Alright, so today we are going to talk a little bit about conventional brokers. Conventional brokers are brokers like Scottrade, E*Trade, Schwab, Fidelity. These brokers are geared towards the retail trader who doesn’t have a lot of sophistication for the most part. There is nothing wrong with these brokers. They offer a lot more service than the direct access brokers do. They offer a lot more tools for research and they are more geared towards longer term swing traders rather than active day traders. So, if you are a swing trader or if you trade a lot of shares every trade, then these type of brokers might be a better deal for you.
So, if you are a swing trader or a long term trader and you aren’t making that many trades. Or you’re making let’s say, you know, 1 or 2 trades a week, 3 trades a week maybe, then sometimes these retail traders are a better fit for you. Certainly their platforms are a lot more user-friendly. Generally speaking they are more fun to look at and to use. They offer a lot of support and material on their site. They offer a lot of research materials for longer term trading.

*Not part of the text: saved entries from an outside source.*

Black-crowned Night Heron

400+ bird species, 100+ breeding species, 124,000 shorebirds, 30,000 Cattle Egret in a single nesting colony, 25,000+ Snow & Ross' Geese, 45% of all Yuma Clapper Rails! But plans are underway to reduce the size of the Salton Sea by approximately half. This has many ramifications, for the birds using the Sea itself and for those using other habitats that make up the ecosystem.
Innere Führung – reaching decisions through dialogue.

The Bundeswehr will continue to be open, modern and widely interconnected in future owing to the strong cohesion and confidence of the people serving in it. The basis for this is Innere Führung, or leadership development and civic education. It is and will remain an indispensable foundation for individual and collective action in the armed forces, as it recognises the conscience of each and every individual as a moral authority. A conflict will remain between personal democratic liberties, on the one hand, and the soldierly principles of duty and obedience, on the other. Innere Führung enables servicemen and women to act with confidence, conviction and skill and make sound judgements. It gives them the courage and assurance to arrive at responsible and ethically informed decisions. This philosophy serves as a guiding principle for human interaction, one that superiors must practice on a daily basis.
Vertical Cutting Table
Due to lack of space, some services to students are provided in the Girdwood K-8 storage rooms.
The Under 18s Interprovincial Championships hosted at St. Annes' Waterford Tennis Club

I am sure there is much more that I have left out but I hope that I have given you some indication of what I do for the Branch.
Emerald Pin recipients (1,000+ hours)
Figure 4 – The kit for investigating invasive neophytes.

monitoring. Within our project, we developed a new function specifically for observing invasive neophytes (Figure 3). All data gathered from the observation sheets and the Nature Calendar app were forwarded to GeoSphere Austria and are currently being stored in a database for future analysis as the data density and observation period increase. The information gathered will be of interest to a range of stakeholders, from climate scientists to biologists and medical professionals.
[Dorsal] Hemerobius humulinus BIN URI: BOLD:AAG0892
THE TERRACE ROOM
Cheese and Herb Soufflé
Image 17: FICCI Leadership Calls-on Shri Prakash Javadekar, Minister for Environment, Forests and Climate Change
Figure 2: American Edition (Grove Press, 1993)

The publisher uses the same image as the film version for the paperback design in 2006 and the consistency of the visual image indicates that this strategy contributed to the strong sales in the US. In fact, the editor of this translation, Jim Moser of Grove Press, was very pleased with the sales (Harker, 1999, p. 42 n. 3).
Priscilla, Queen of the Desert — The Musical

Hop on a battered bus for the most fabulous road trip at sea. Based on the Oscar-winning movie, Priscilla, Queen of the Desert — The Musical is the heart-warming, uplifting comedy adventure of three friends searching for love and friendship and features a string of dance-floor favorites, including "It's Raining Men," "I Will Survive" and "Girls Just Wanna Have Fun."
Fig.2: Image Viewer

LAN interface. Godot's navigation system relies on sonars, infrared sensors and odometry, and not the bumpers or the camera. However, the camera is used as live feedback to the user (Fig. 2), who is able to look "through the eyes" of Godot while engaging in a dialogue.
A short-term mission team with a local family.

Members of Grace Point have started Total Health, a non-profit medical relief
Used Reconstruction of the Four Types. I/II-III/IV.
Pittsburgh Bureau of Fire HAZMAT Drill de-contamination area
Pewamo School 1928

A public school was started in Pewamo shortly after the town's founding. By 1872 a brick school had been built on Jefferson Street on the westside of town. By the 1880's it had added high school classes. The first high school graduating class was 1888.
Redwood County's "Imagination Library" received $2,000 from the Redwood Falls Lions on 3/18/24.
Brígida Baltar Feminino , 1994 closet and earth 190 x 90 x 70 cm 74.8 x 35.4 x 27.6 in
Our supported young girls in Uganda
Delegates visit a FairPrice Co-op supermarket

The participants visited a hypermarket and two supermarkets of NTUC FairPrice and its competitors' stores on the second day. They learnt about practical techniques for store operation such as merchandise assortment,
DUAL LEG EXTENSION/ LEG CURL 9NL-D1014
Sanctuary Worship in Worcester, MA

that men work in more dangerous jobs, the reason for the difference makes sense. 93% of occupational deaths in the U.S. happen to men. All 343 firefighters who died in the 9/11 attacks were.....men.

But, if you are trying to do short term trading, then a lot of times the software that they provide isn’t really up to the task. Even the more recently developed active trader platforms don’t really do as good of a job for active traders as the direct access brokers’ software does. In addition to which there aren’t that many third party softwares that can link into these retail trader platforms and provide you with extra capability that an active trader might want. There’s a whole industry of third party software that links to the more active trading platform from direct access brokers.